“Tactical success in war is generally achieved by pitting an
organised force against a disorganised one”.
J.F.C. Fuller
The Battle of
Amiens
Alphen,
Netherlands. 8 August. ‘Blitzkrieg’, a sudden and utterly irresistible military
attack that can strike anytime, anywhere leading to rapid collapse of defences and
quick defeat.
British Imperial forces called it the Battle of Amiens. The
French called it the Battle of Montdidier. In many ways what was happening one
hundred years ago today as I write just north of the French city of Amiens was
the birth of a new way of war that would span World War One, World War Two and
beyond. The unleashing of combined arms
warfare on German forces that wartime summer day would become the inspiration
for what Hans von Seeckt, Heinz Guderian and others would later dub
‘blitzkrieg’. The Allied victory that
day was so complete that German Commander-in-Chief Erich Ludendorff was moved
to call 8 August 1918, “a black day in the history of the German Army’. This is
the (brief) story of the Battle of Amiens?
At 0420 hours
the British Fourth Army, under the command of General Sir Henry Rawlinson and
the French First Army under General Marie-Eugene Debeney, unleashed a force of
over 100,000 men against over-extended and exhausted German forces. As part of
the plan the usual British and French practice of massed artillery barrages
prior to attack had been abandoned. German commanders were caught completely by
surprise. The first German front lines knew of the attack was the sight of some
400 massed British tanks rumbling forward supported by 800 aircraft of the then new Royal Air Force with an artillery
barrage provided by over 2000 guns creeping forward in front of the advancing
British, Australian, Canadian and French forces.
At 0710 hours
the Royal Tank Corps captured the first of the German strongholds, whilst at
0730 hours British III Corps captured another. Thereafter, the German front
rapidly began to collapse as the Allies advanced over a front of 4000
yards/3500 metres punching a large hole in German lines. By 1100 hours
Australian and Canadian forces had advanced over 3 miles/5 kilometres with
British forces capturing over 400 German guns and destroying half the enemy
force. Entire enemy formations began to
surrender en masse having been
completely de-stabilised by the force, pace and surprise of the attack. By 2100
hours Fourth Army had advanced a further 5 miles/8 kilometres.
Over the
ensuing three days the pace of the advance slowed but such damage had been done
to the German Army that whilst bloody the ensuing ‘Hundred Days Offensive’ did
not stop until the November 1918 Armistice. In March 1919 the newly-formed
British Army of the Rhine conducted a victory parade in Cologne. The death toll
was heavy. By the end of the Battle of Amiens the British and the French had
both lost 22,000 men. However, the by then resource-poor Germany Army had lost
75,000 men.
The Origins
of Amiens
What
eventually led to Ludendorff’s ‘black day’ had commenced on 21 March 1918 with
Imperial Germany’s last great gamble – Operation Michael. With the Royal Navy’s successful blockade of
Germany triggering starvation and industrial unrest in the Fatherland it was
clear to Berlin that unless the situation on the ground in France could be
changed radically Germany would be forced to accept unfavourable peace terms.

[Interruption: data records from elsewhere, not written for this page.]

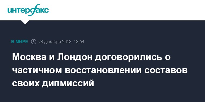 Ранее в этом месяце в посольстве РФ в Великобритании "Интерфаксу" заявляли, что Москва и Лондон ведут переговоры о частичном восстановлении дипломатического состава миссии в двух столицах, однако британская сторона продолжает тормозить восстановление полноценного функционирования загранучреждений.
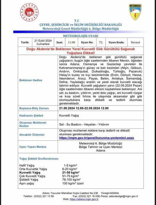 Meteoroloji Genel Müdürlüğü tarafından yapılan açıklamada, yağışların özellikle Osmaniye, Adana ve Gaziantep çevresinde etkili olacağı belirtildi. Vatandaşların su baskınlarına karşı tedbirli olmaları ve mümkünse dışarıda vakit geçirmemeleri tavsiye ediliyor.
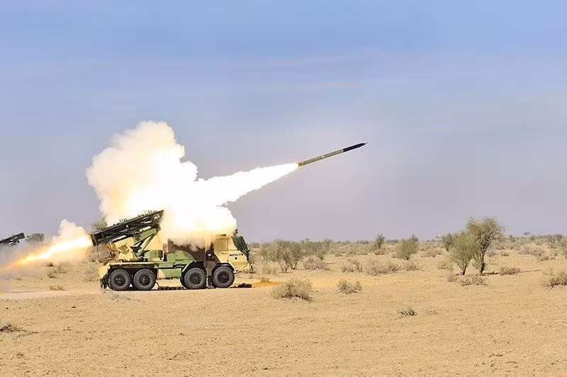 Pinaka là loại tên lửa đa nòng phóng loạt tự phát triển của Ấn Độ. Ảnh: Sputnik
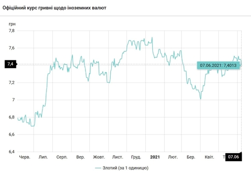 - 100 польских злотых - 740 грн (7,40 за злотый, -7 коп.)
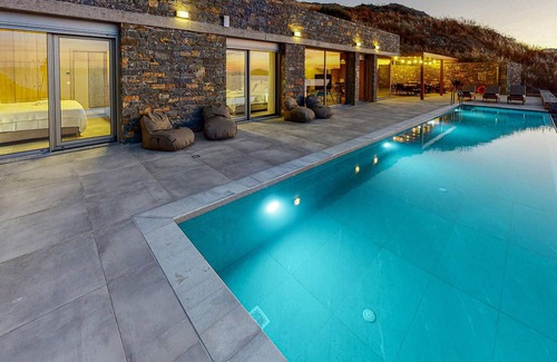 Built on a rocky cliff edge overlooking the Cretan Sea, this luxury villa offers its guests a relaxing environment and a tranquil beach atmosphere.
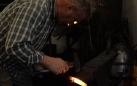 For now, I'll show you a picture during the forging process - taken as the billet of pattern welded iron and steel was being forged into the overall, final shape of the knife.
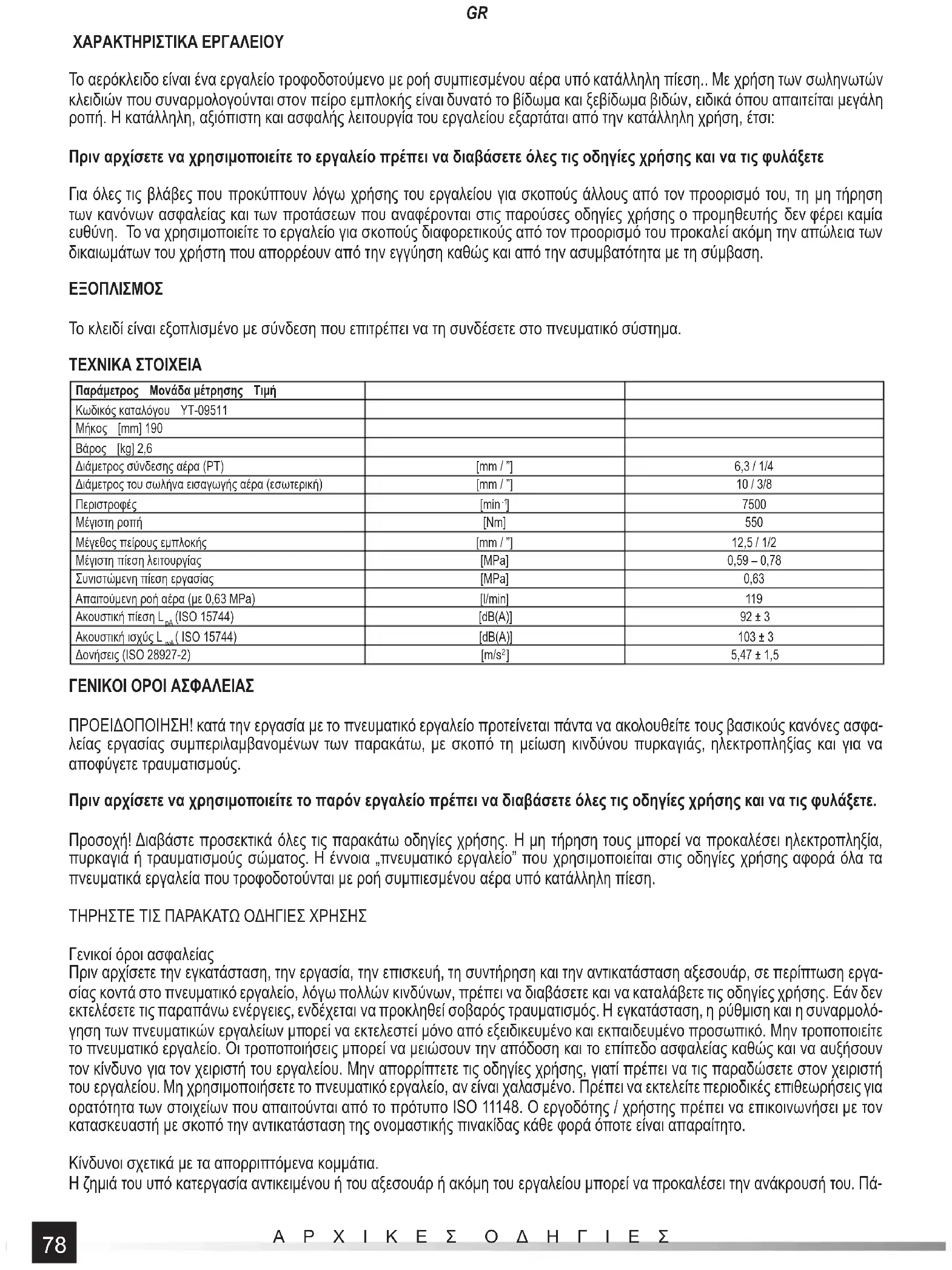 Το κλειδί είναι εξοπλισμένο με σύνδεση που επιτρέπει να τη συνδέσετε στο πνευματικό σύστημα. ΤΕΧΝΙΚΑ ΣΤΟΙΧΕΙΑ Παράμετρος Μονάδα μέτρησης Τιμή Κωδικός καταλόγου YT-09511 Μήκος [mm] 190 Βάρος [kg] 2,6 Διάμετρος σύνδεσης αέρα (PT) [mm / ”] 6,3 / 1/4 Διάμετρος του σωλήνα εισαγωγής αέρα (εσωτερική) [mm / ”] 10 / 3/8 Περιστροφές [min
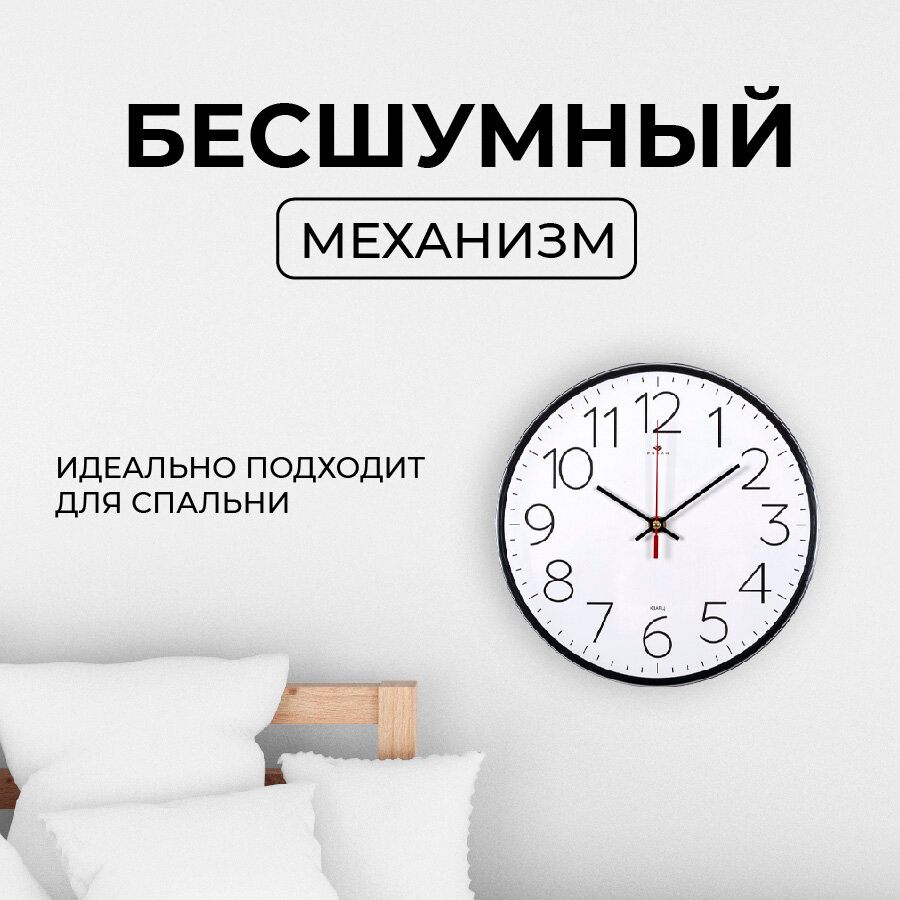 Часы настенные бесшумные Рубин, d 29 см кварцевые, плавный ход, пластик

America’s 1917 entry into the war and the arrival of General Pershing’s American
Expeditionary Force all but ensured an Allied victory.
In March
German ‘Stormtroopers’ had made stunning advances pushing the British back over
the land they had gained at the Third Battle of Ypres and the Battle of Cambrai
in 1917. More poignantly the German Army had advanced rapidly over the old
Somme battlefield of 1916. Ludendorff’s
aim had been to split the Allied armies and force the British back to the
Channel. He failed. Critically, British Imperial forces did not break under the
German assault and by and large retreated in reasonably good order.
Innovation
and Retrenchment
Since the
charnel house of the Somme British tactics had been evolving led by innovative
thinkers such as Colonel J.F.C Fuller who wanted to break out of the stalemate
of trench warfare. They combined new thinking with industrial power and emerging
technologies to create new strategies, tactics and formations designed to
destroy an enemy with shock and surprise. Ironically, the ‘grab and hold’
tactics that replaced the full-on assaults that had killed so many to little
effect were copied from German ‘Stormtrooper’ tactics.

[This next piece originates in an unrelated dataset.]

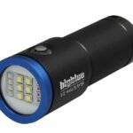 Compact, high-output LED light designed for underwater use; tested to 100 m.
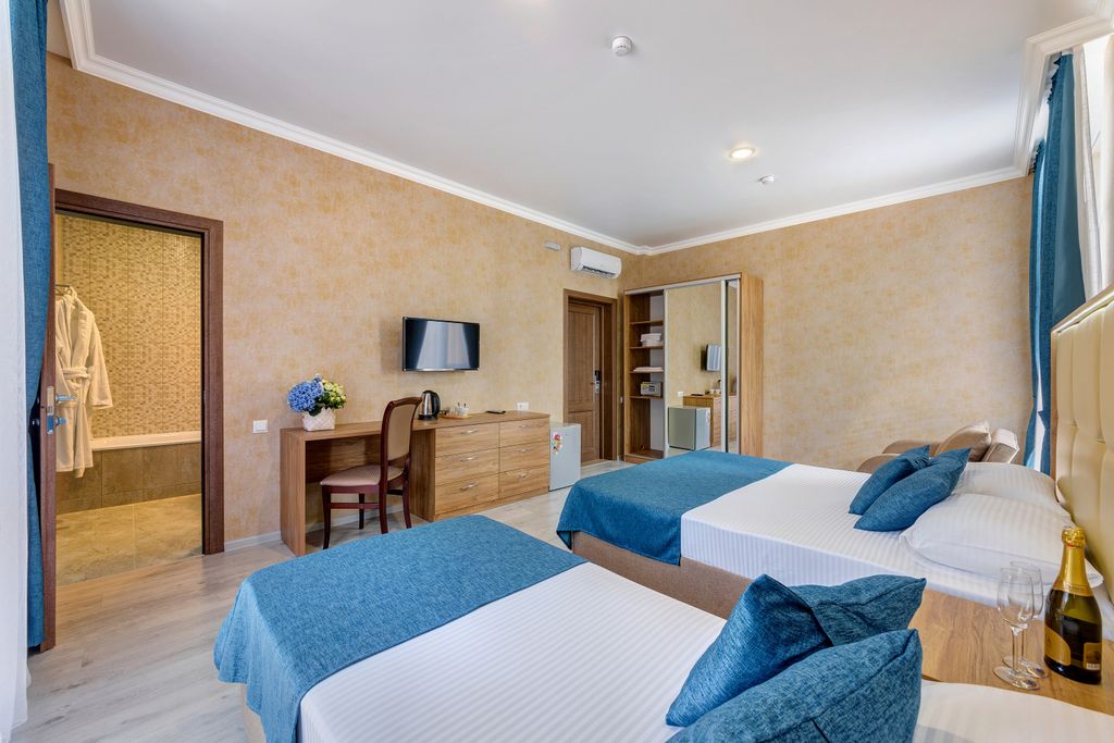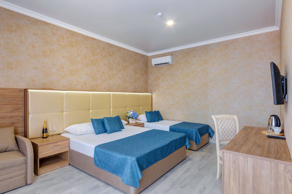 Приглашаем вас в современный отель «Атлас», который расположен в тихом районе Геленджика, в 15 минутах пешей прогулки от морского пляжа курорта. Рядом находится вся развитая инфраструктура, аквапарк, дельфинарий, магазины, центр развлечения. Своим гостям для проживания мы рады предложить уютные номера разной комфортности и вместимости. Ежедневно осуществляется уборка комнат горничными. При необходимости постояльцы могут пользоваться общими гладильными принадлежностями и стиральной машинкой. На территории отеля доступен Wi-Fi, есть 2 круглогодичных подогреваемых открытых бассейна, сезонный подогреваемый открытый бассейн, шезлонги, мангал, детский игровой городок, бесплатная парковка для машин. В летний период работает аниматор. По желанию возможна организация платного комплексного питания в столовой «Атласа», работает летнее кафе с гриль-баром и заказным меню. При необходимости можем встретить вас по месту прибытия на отдых. Проживание с животными запрещено! Питание: 3-разовое. Пита

Fuller’s Plan 1919, had it been implemented would
have been the first truly strategic ‘blitzkrieg’. Twenty years later on 1 September 1939 a new ‘Amiens’
was inflicted on Poland, but on a grand strategic scale with improved command communications
between air and land power the key to victory. As part of a carefully
implemented information war the colloquial title given by the Germans to the
attack was ‘blitzkrieg’ – lightning war. In May 1940 Blitzkrieg was further inflicted
on Belgian, French, Dutch and British forces, all of which were over-stretched
and wrongly-deployed having been deceived into believing their own prejudices
about the Germans and each other. In 1943 at the Battle of Kursk Soviet forces
began to do the same to over-extended German forces as the British had done at
Amiens, albeit on an epic scale. The
massed forces of Marshals Rokossovsky and Zhukov did not stop advancing until
they sacked Berlin in May 1945.
Having gained
victory via a new way of offensive warfare the Western democracies did what
they have so often done in peacetime. They handed the concept and technology of
victory to illiberal enemies in the interbellum. It was ever thus. Innovative and disruptive thinkers were
marginalised whilst disarmament became a metaphor for a retreat from political
Realism. The likes of Fuller, Basil Liddell Hart, Charles de Gaulle and Billy
Mitchell tried to keep the flame of military innovation alive in the West.
However, it was thinkers like Hans von Seeckt in Germany and Mikhail
Tuckachevsky in the then Soviet Union who really pushed forward innovation.
Shock and Awe: Lessons of
Amiens for today
The essence
of Amiens was ‘shock and awe’. Many iterations of such tactics have taken place
since, notably General Norman Schwarzkopf’s attack on Iraqi forces in 1991.
What links Rawlinson to Schwarzkopf and beyond is the ever-growing distance
between attacker and target and between intent and effect as technology has
enabled greatly more diverse ways and means of generating shock and awe.
With a
seismic shift again underway in the military balance of power away from the
Western democracies the conditions are again fast being created in which the
unthinkable could become the thinkable and in time the frighteningly plausible. The problem with the ‘unthinkable’ is that it
is normally the leaders of western democracies who refuse to think it. They prefer instead to believe the
unthinkable is the impossible, thus creating the perfect conditions something catastrophically nasty in Europe.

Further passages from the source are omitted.